• [DATA RECORDS]:
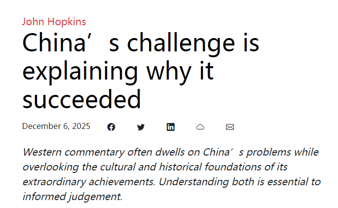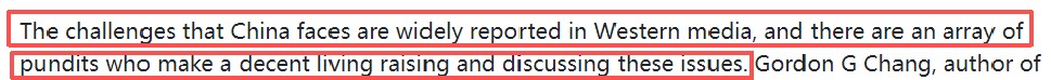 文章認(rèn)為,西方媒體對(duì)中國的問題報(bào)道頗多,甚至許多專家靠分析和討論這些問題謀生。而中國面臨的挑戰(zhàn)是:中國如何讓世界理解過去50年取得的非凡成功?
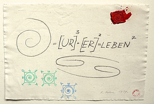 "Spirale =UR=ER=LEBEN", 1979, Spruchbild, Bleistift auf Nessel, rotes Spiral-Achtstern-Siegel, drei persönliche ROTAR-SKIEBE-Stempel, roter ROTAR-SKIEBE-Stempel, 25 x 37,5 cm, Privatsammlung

==

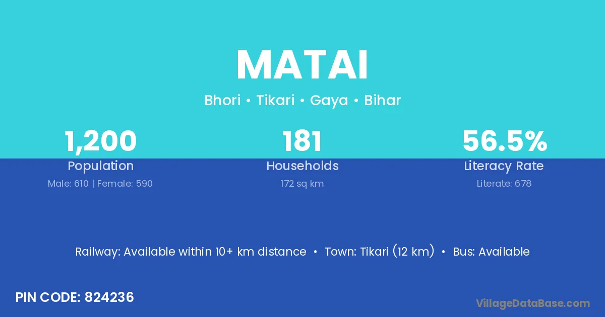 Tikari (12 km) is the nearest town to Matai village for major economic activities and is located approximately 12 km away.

• [ABOUT THIS EXERCISE]: What you write out is the stretch of entries from the line containing "文章認(rèn)為,西方媒體" to the line containing "37,5 cm, Privatsammlung", word for word, with both end lines and no pictures.

• [RESPONSE]:
 文章認(rèn)為,西方媒體對(duì)中國的問題報(bào)道頗多,甚至許多專家靠分析和討論這些問題謀生。而中國面臨的挑戰(zhàn)是:中國如何讓世界理解過去50年取得的非凡成功?
 "Spirale =UR=ER=LEBEN", 1979, Spruchbild, Bleistift auf Nessel, rotes Spiral-Achtstern-Siegel, drei persönliche ROTAR-SKIEBE-Stempel, roter ROTAR-SKIEBE-Stempel, 25 x 37,5 cm, Privatsammlung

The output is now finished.